Several members from Catholic Charities USA (CCUSA) visited Bethlehem on Friday, January 27th. CCUSA represents a network of Catholic charities across the United States that supports the work of local agencies in their efforts to reduce poverty, support families, and empower communities. The CCUSA delegation in Bethlehem toured the Holy Land in order to assess the impact of their projects in the region through CRS. As part of their tour, they toured Yousef Habash’s Olive Wood Workshop, located in the Old City near the Church of the Nativity.


The workshop was recently renovated through the combined efforts of the Catholic Relief Services (CRS), the Holy Land Handicraft Cooperative Society (HLHCS), and the Holy Land Christian Ecumenical Foundation (HCEF). All three organizations were represented during CCUSA’s visit by HCEF Regional Director, Eng. Anthony Habash; CRS Project Manager, Hana Nasrallah; and HLHCS Director of Public Relations, Basma Barham.


HCEF’s Regional Director provided the CCUSA members a brief introduction about the current status of olive wood and mother of pearl workshops in Palestine.

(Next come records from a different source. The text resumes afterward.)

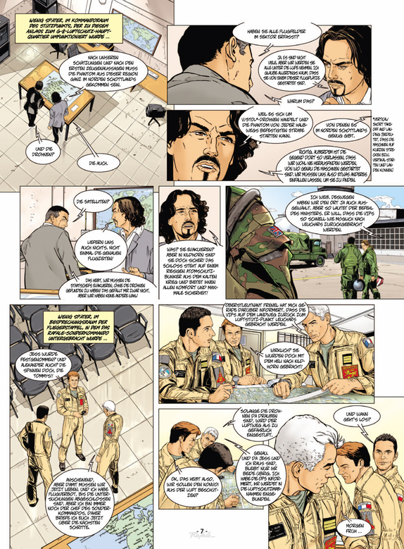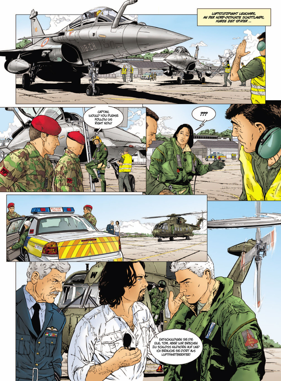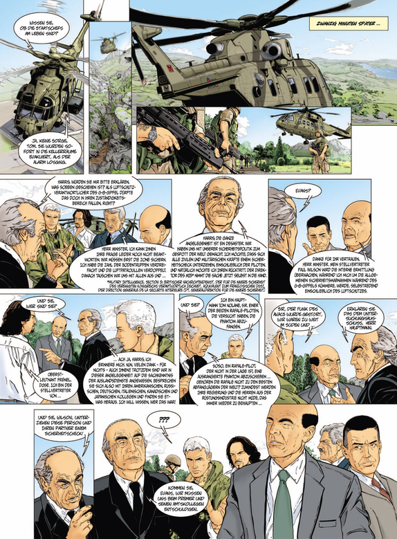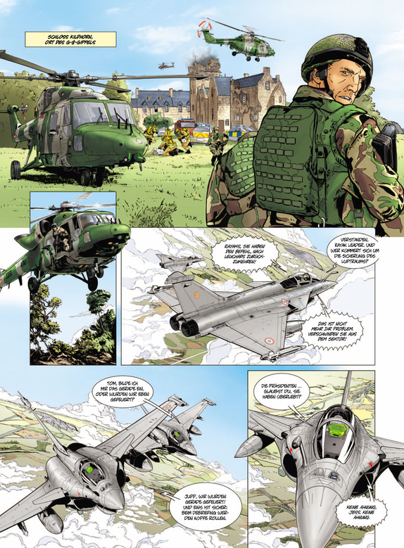Centre d’Essais des Landes* … Die Drohne Black Shark stellt bei einem Treffen französischer Generäle und Beamten auf eindrucksvolle Weise ihre Kampftauglichkeit unter Beweis. *Startplatz für Höhenforschungsraketen London … Die beiden anlässlich einer internationalen Waffenmesse nach London geschickten Black Sharks werden mit einem Skycrane-Hubschrauber von einem geheimnisvollen paramilitärischen Kommando gestohlen. Schottland … Während der G-8-Gipfel fi eberhaft unter hohen Sicherheitsvorkehrungen vorbereitet wird, landen Tom und Jessica mit ihrer Rafale auf einem Stützpunkt der Royal Air Force, um an den Luftschutzmaßnahmen teilzunehmen, die die Sicherheit des Präsidenten gewährleisten sollen. Die Orkney-Inseln Eine geheimnisvolle Gruppierung namens „Anarchy 2012“ beendet gerade ihre hochtechnischen Vorbereitungen. Ihr Ziel: ein abgelegenes schottisches Schloss, auf dem die Staatsoberhäupter des G-8-Gipfels erwartet werden. Für unsere Helden beginnt die Routine der Überwachungsflüge, die jedoch schon bald unterbrochen wird, als der Radar und Funk aller Patrouillenfl ugzeuge plötzlich gestört wird. Als dann auch noch ein Apache-Hubschrauber abgeschossen wird, besteht kein Zweifel mehr: Der G-8-Gipfel wird angegriffen …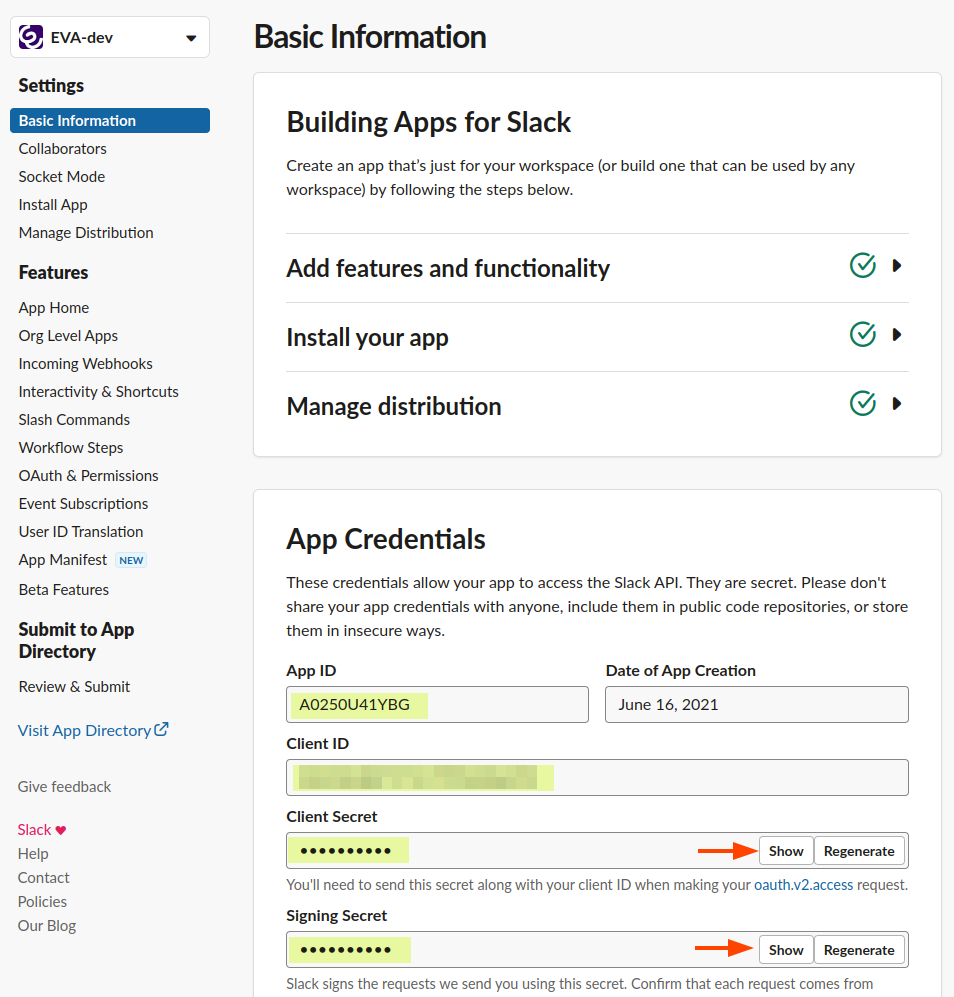 After having done that, fill in the App ID, Client ID, Client Secret and Signing Secret, which can be found on the Basic Information page: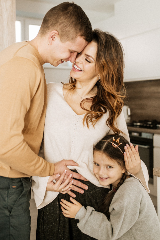 Su vyru kartu apsikabinę verkėmė iš laimės, nes antrasis vaikelis tikrai ilgai planuotas ir lauktas. Dukrytė kelis kartus perklausė: ar mes rimtai? O tada suraukusi antakius pasiteiravo manęs, ar žinau, kiek daug kainuoja toks didelis vežimas! (juokiasi) Buvo daug juoko. Ji labai džiaugiasi, vis prašo telefono programėlėje parodyti, kokio dydžio jau yra vaikelis, vis klausia, kodėl taip ilgai reikia laukti.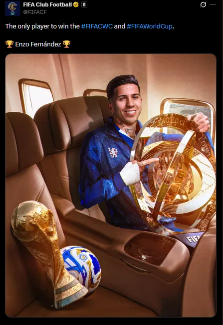 Con un posteo en sus redes sociales, desde el ente regulador de todos los clubes y selecciones del planeta, destacaron al mediocampista argentino de 25 años, que tuvo la fortuna de conquistar la cita mundialista en Qatar 2022 y también el primer certamen a nivel equipos con el mismo formato. El mismo se llevó a cabo en Estados Unidos, durante el último año, y de la mano de Enzo Maresca -era el entrenador- aplastaron a PSG.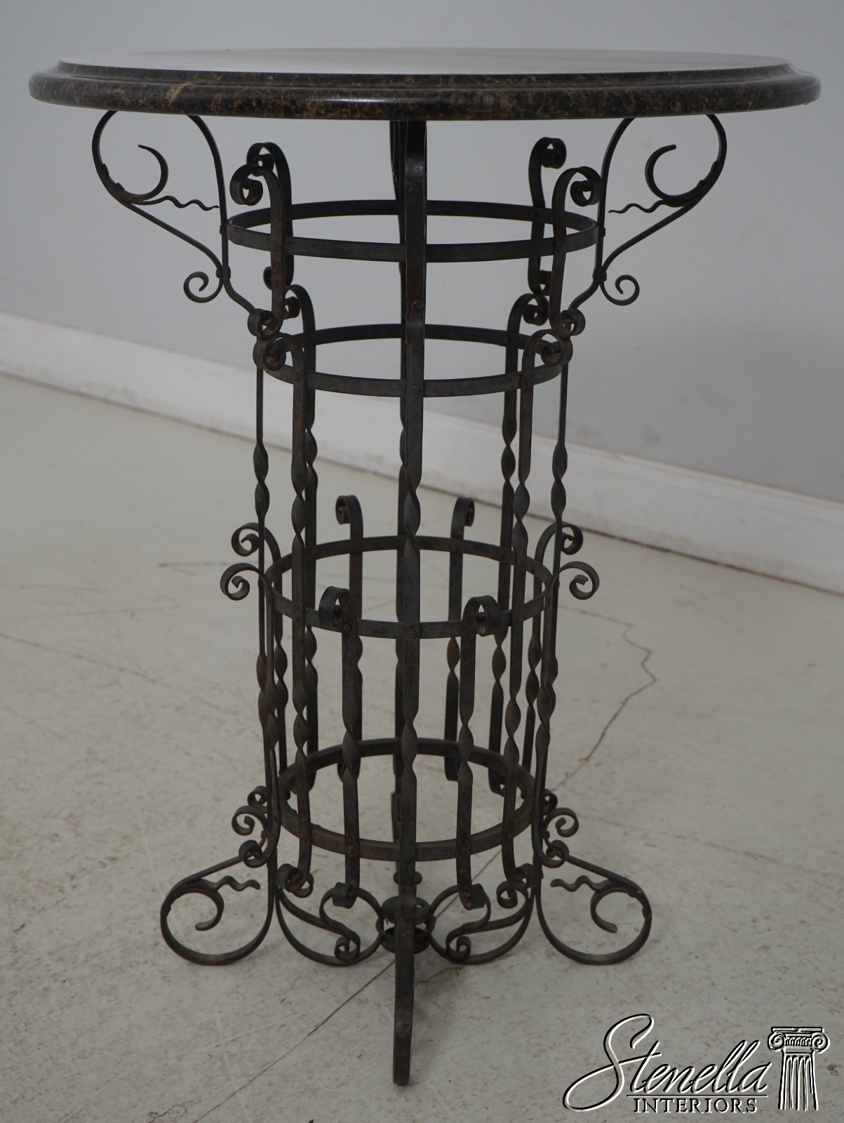L64725: Marble Top Round Iron Base Lamp Table

He described the deep historical and cultural ties of the handicraft tradition with the Christians of Palestine, particularly strong in the Bethlehem area.


The CCUSA delegation learned how the handicraft tradition is suffering due the effects of the Israeli occupation and a general negligence towards the working conditions of craftsmen. Craftsmen suffer both from economic restrictions imposed by Israel and, more directly, from breathing in unfiltered fine particles that have resulted in several cases of lung cancer and other respiratory diseases. These factors have greatly discouraged younger generations from taking up the work of their fathers, leaving the handicraft tradition, considered to be a central part of Christian Palestinian identity, under threat of extinction.

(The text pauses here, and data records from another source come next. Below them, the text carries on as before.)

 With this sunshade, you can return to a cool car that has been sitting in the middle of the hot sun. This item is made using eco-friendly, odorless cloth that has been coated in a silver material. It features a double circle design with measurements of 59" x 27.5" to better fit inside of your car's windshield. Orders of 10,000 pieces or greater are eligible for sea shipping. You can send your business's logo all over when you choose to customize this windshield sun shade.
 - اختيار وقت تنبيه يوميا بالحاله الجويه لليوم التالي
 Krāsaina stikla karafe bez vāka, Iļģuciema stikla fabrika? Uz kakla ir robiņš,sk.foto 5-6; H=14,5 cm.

Despite the challenges before Christians in the Holy Land, HCEF’s programs offer a bit of hope. HCEF’s recent Handicraft Workshop Development (HWD) pilot project, completed in partnership with CRS and HLHCS, is proof of such hope, revealing that there are individuals and organizations able and willing to restore dignity among the handicraft workers of Palestine. Through the project, workshops were renovated and state of the art suction and filtration systems were installed to prevent fine particles from entering workers’ lungs.


HCEF also shared its plan to open The Bethlehem Museum in the near future, which will, among other artifacts, display historical olive wood and mother of pearl pieces in its exhibitions. Along with being able to directly support craftsmen by purchasing their works, The Bethlehem Museum will provide tourists the opportunity to learn the history of the handicraft tradition. Tourists will gain a deeper appreciation for the role handicrafts have played in shaping the identity of Palestinian Christians, and they will be encouraged to help preserve this tradition into the future.

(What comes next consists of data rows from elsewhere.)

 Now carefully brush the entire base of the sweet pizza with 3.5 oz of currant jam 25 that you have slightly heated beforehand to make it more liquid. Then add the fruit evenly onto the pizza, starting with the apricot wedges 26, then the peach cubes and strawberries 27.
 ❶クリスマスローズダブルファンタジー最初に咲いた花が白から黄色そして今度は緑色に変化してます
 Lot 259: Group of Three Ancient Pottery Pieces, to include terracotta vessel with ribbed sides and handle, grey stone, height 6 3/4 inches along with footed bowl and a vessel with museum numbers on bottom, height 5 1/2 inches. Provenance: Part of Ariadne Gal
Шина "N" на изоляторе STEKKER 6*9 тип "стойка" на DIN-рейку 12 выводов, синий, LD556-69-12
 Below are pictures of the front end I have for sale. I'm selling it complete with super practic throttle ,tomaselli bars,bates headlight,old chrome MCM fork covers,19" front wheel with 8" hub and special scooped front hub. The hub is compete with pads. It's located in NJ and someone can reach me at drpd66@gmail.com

The CCUSA members met with Yousef Habash and his employees at his olivewood workshop, recently renovated under the HWD project. Upon their departure, the workshop director thanked CCUSA for taking the time to visit him and presented John Young, President and CEO of CCUSA, and Sr. Linda Yankoski, CCUSA Board of Trustees Chair, with two beautiful and moving olivewood pieces tiled, “The Reconciliation,” depicting Jesus Christ forgiving the unbeliever who hung beside him at his crucifixion.